19. That is not to say that such statements should be construed as if they were statutory or contractual provisions. Although a development plan has a legal status and legal effects, it is not analogous in its nature or purpose to a statute or a contract. As has often been observed, development plans are full of broad statements of policy, many of which may be mutually irreconcilable, so that in a particular case one must give way to another. In addition, many of the provisions of development plans are framed in language whose application to a given set of facts requires the exercise of judgment. Such matters fall within the jurisdiction of planning authorities, and their exercise of their judgment can only be challenged on the ground that it is irrational or perverse (Tesco Stores Ltd v Secretary of State for the Environment [1995] 1 WLR 759, 780 per Lord Hoffmann)…".
"25. It must be remembered that, whether in a development plan or in a non-statutory statement such as the NPPF, these are statements of policy, not statutory texts, and must be read in that light. Even where there are disputes over interpretation, they may well not be determinative of the outcome…Furthermore, the courts should respect the expertise of the specialist planning inspectors, and start at least from the presumption that they will have understood the policy framework correctly.
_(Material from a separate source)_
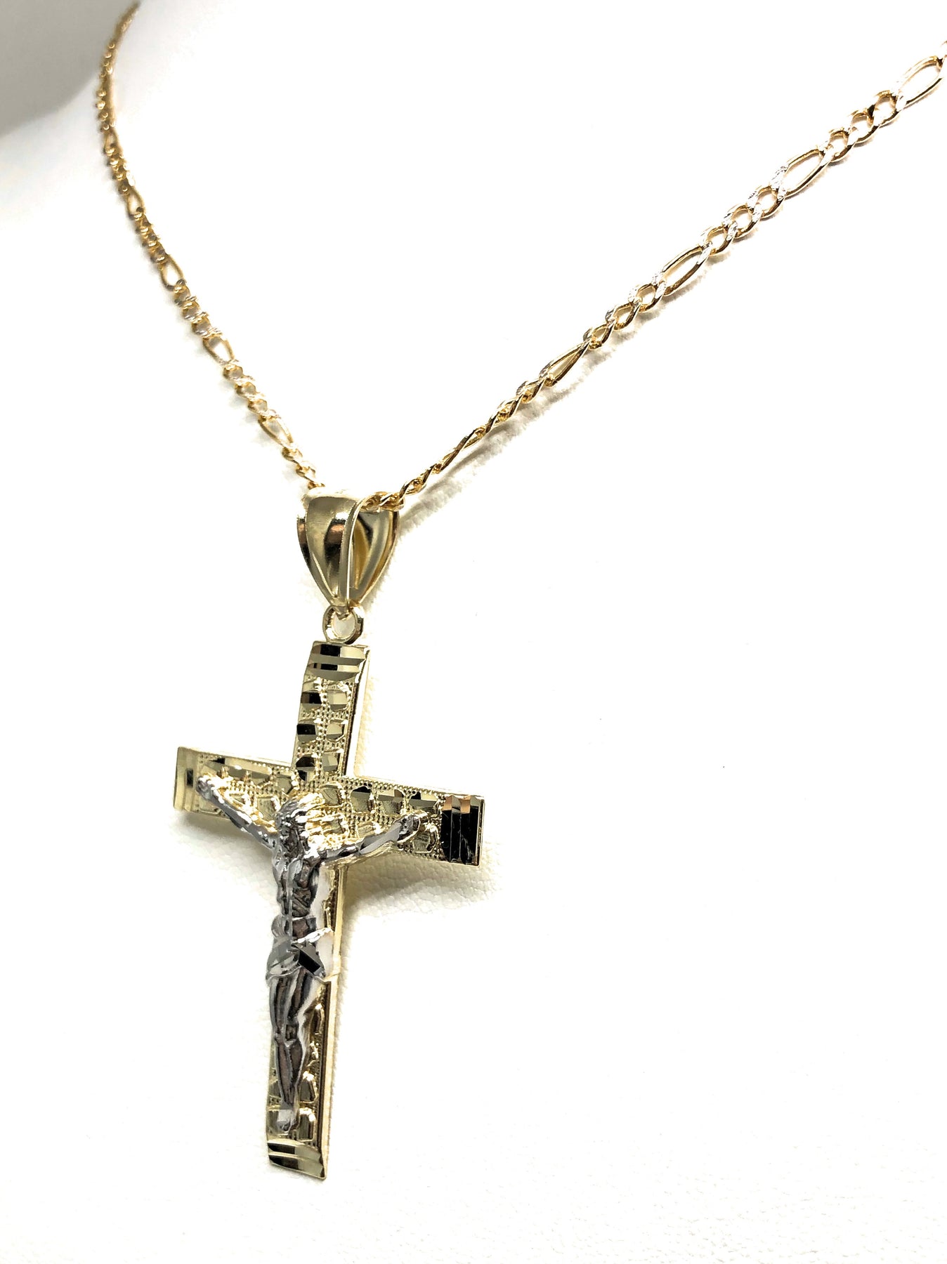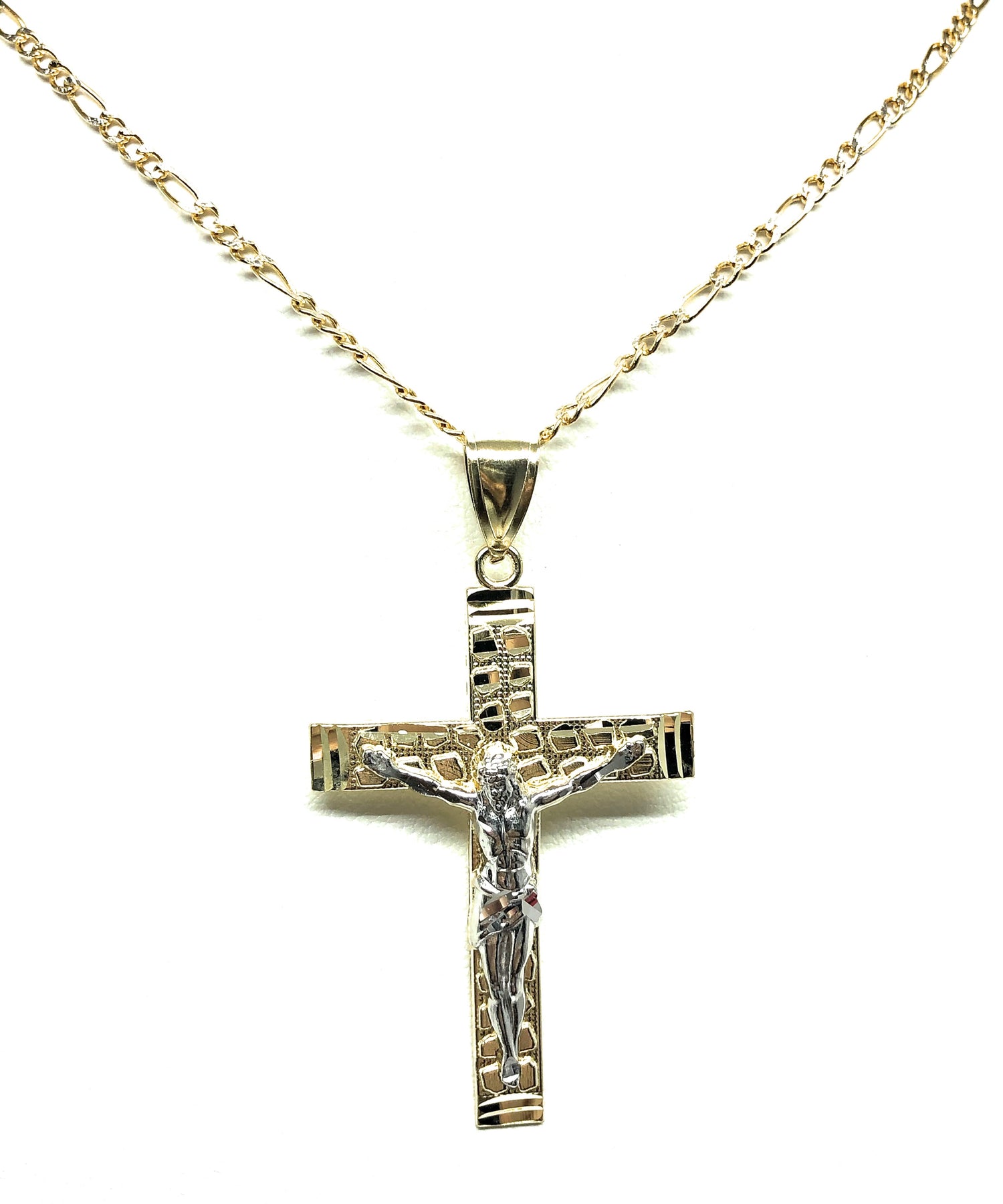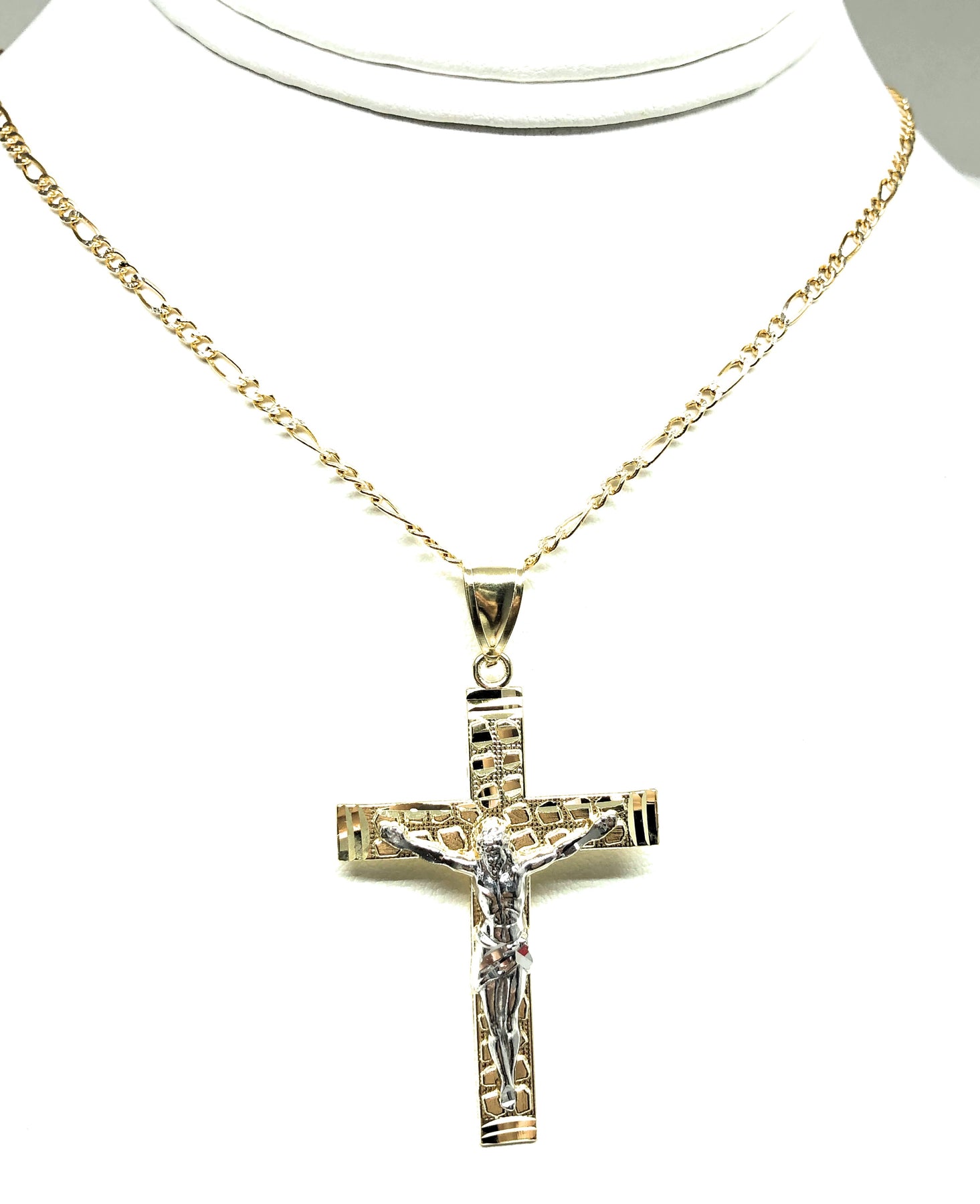 10k Solid Gold Yellow 2-Tone Jesus Cross Crucifix Nugget Pendant Necklace

With the support and guidance of the planning inspectorate, they have primary responsibility for resolving disputes between planning authorities, developers and others, over the practical application of the policies, national or local.…
26. Recourse to the courts may sometimes be needed to resolve distinct issues of law, or to ensure consistency of interpretation in relation to specific policies, as in the Tesco case. In that exercise the specialist judges of the Planning Court have an important role. However, the judges are entitled to look to applicants, seeking to rely on matters of planning policy in applications to quash planning decisions (at local or appellate level), to distinguish clearly between issues of interpretation of policy, appropriate for judicial analysis, and issues of judgement in the application of that policy; and not to elide the two".
"36. The reasons must be intelligible and they must be adequate. They must enable the reader to understand why the matter was decided as it was and what conclusions were reached on the "principal important controversial issues", disclosing how any issue of law or fact was resolved. Reasons can be briefly stated, the degree of particularity required depending entirely on the nature of the issues falling for decision. The reasoning must not give rise to a substantial doubt as to whether the decision-maker erred in law, for example by misunderstanding some relevant policy or some other important matter or by failing to reach a rational decision on relevant grounds. But such adverse inference will not readily be drawn. The reasons need only refer to the main issues in the dispute, not to every material consideration. They should enable disappointed developers to assess their prospects of obtaining some alternative development permission, or, as the case may be, their unsuccessful opponents to understand how the policy or approach underlying the grant of permission may impact upon future such applications. Decision letters must be read in a straightforward manner, recognising that they are addressed to parties well aware of the issues involved and the arguments advanced. A reasons challenge will only succeed if the party aggrieved can satisfy the court that he has genuinely been substantially prejudiced by the failure to provide an adequately reasoned decision".